* THE PROBLEM:
Please write out every line of the listing without alteration, but omit the images.

* SOURCE MATERIAL:
★ ★ ★ ★ ★ ★ ★
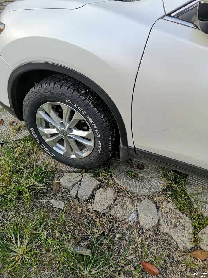 后轮角度,可以看出来这个花纹还是很粗犷的,配上奇骏圆鼓鼓的外突肌肉感车身,个人觉得很搭。
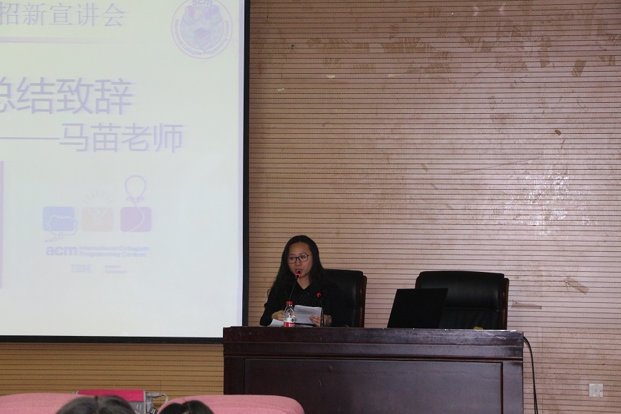 宣讲会最后,计算机科学学院副院长马苗老师讲话。马院长肯定了ACM竞赛的重要性,深入剖析了ACM竞赛对信息类专业教学模式带来的推动与促进作用,并表示学校与学院也将更加支持我校ACM竞赛的发展。她鼓励同学们热爱专业、刻苦钻研、勇于创新,鼓励同学们积极参加ACM竞赛,拓展自身专业能力,增强自身专业水平。
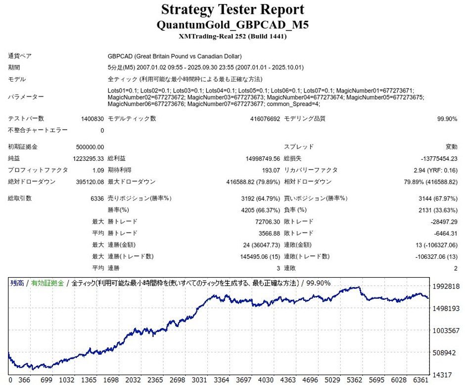 QuantumGoldはGBPCAD専用で、複数のロジックで動くデイトレードEAとなっています。
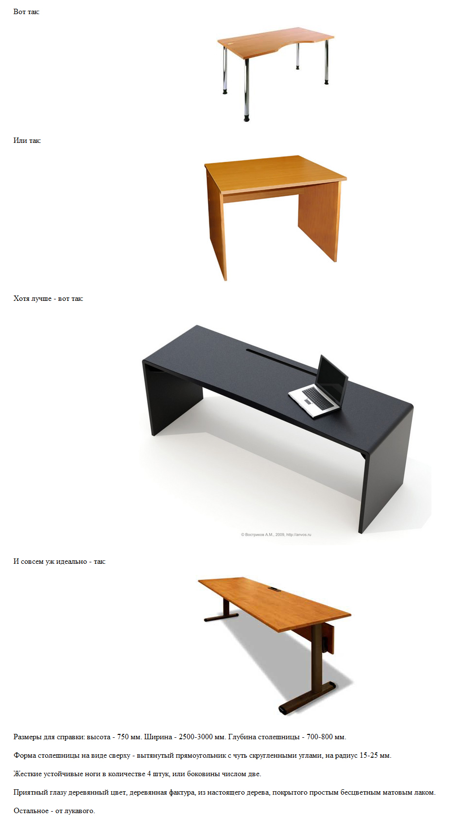 За прямые руки-зелень, а от за сам стол...Ну никак он имхо неудобен для компа. У самого щас уже 3-й стол самодельный..или 4-й..Верхняя кромка монитора на уровне глаз, руки ложатся на клавиатуру без напряжения, подлокотники на уровне клавиатуры, ноги стоят на полу или подставке.А это-обычный письменный стол получился. Туннельный синдром, кстати говоря-штука неприятная, как зубная боль, только в запястье. Сидите за компом правильно...
★ ★ ★ ★ ★ ★ ★
* ANSWER SECTION:
 后轮角度,可以看出来这个花纹还是很粗犷的,配上奇骏圆鼓鼓的外突肌肉感车身,个人觉得很搭。
 宣讲会最后,计算机科学学院副院长马苗老师讲话。马院长肯定了ACM竞赛的重要性,深入剖析了ACM竞赛对信息类专业教学模式带来的推动与促进作用,并表示学校与学院也将更加支持我校ACM竞赛的发展。她鼓励同学们热爱专业、刻苦钻研、勇于创新,鼓励同学们积极参加ACM竞赛,拓展自身专业能力,增强自身专业水平。
 QuantumGoldはGBPCAD専用で、複数のロジックで動くデイトレードEAとなっています。
 За прямые руки-зелень, а от за сам стол...Ну никак он имхо неудобен для компа. У самого щас уже 3-й стол самодельный..или 4-й..Верхняя кромка монитора на уровне глаз, руки ложатся на клавиатуру без напряжения, подлокотники на уровне клавиатуры, ноги стоят на полу или подставке.А это-обычный письменный стол получился. Туннельный синдром, кстати говоря-штука неприятная, как зубная боль, только в запястье. Сидите за компом правильно...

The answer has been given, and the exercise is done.